(EXERCISE DETAILS): When you spot the word "Municipal" in a line of the data below, copy that line.

[Dataset excerpts]
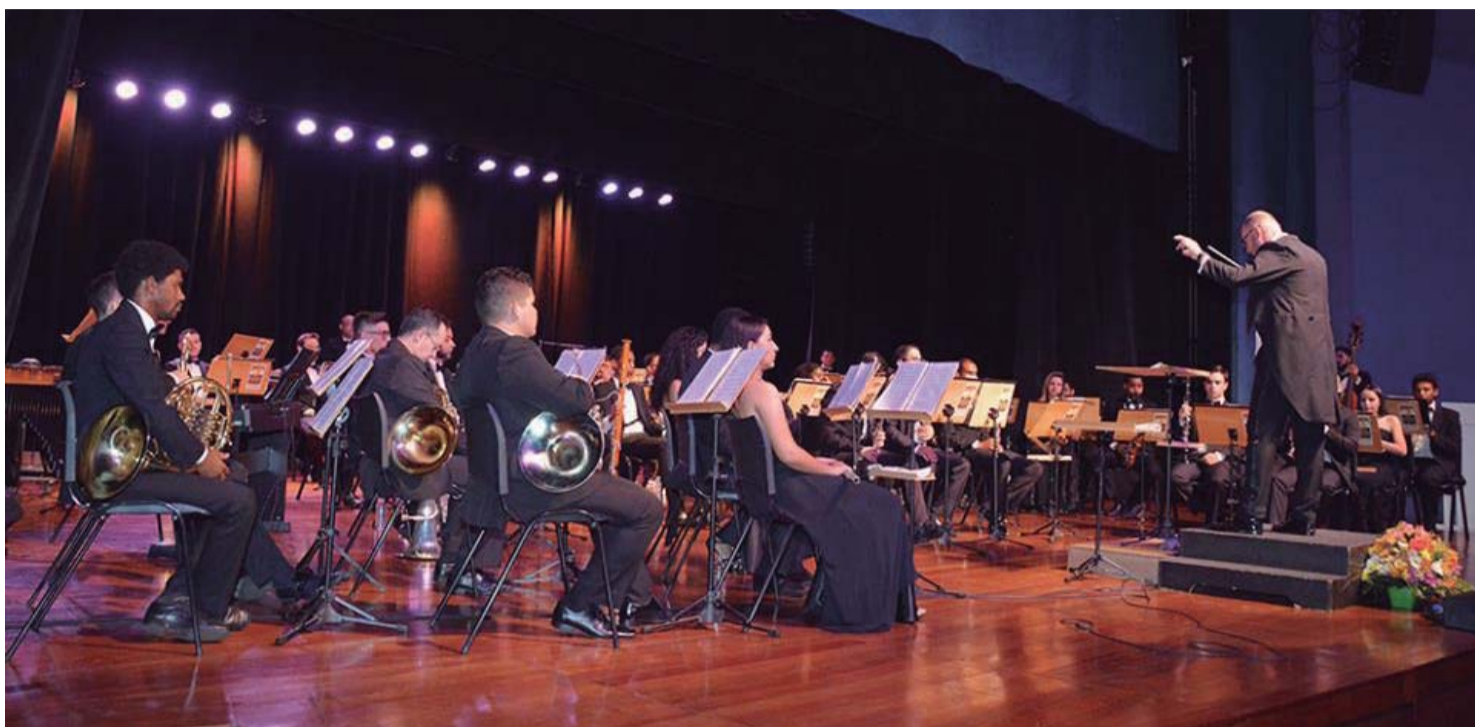
TRIBUTO - Teatro Municipal recebe projeto Queen Sinfônico na próxima quarta-feira (5)

Apresentado pela Orquestra Municipal de Sopros, show terá participação de vários artistas locais
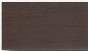
棕黑色 #18 (遮蓋色)
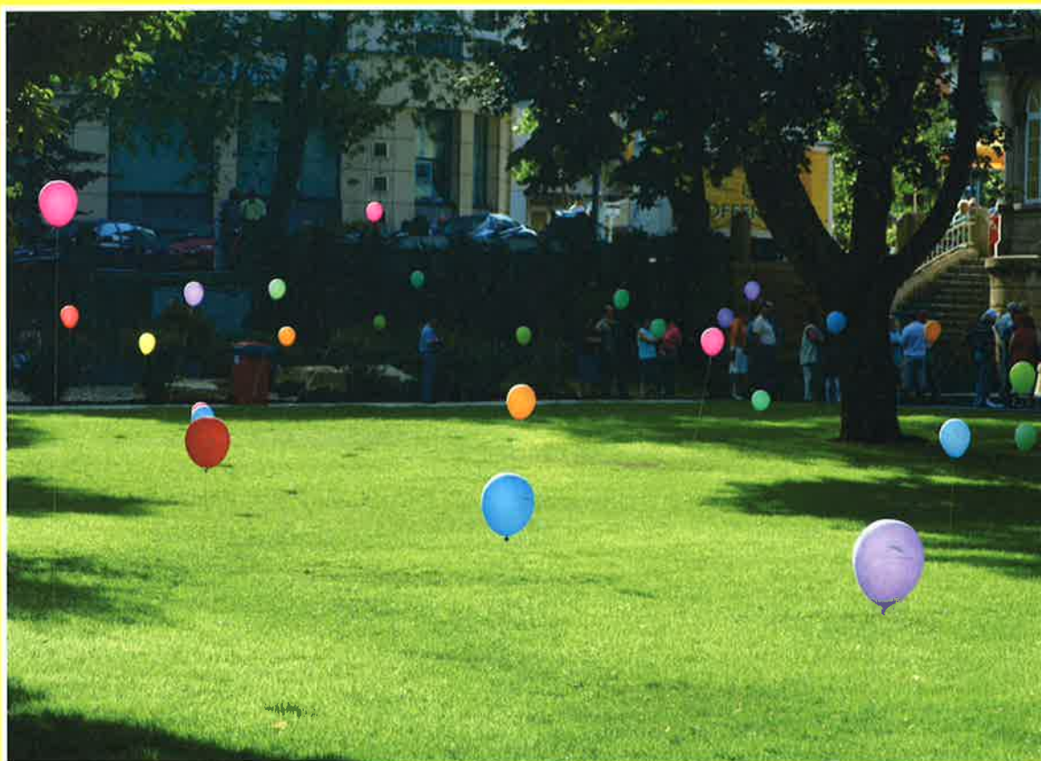
INAUGURATION LE 28 JUILLET DU NOUVEAU PARC GERLACHE

Interviews: que pensez-vous du nouveau parc Gerlache?

(WRITTEN SOLUTION):
TRIBUTO - Teatro Municipal recebe projeto Queen Sinfônico na próxima quarta-feira (5)
Apresentado pela Orquestra Municipal de Sopros, show terá participação de vários artistas locais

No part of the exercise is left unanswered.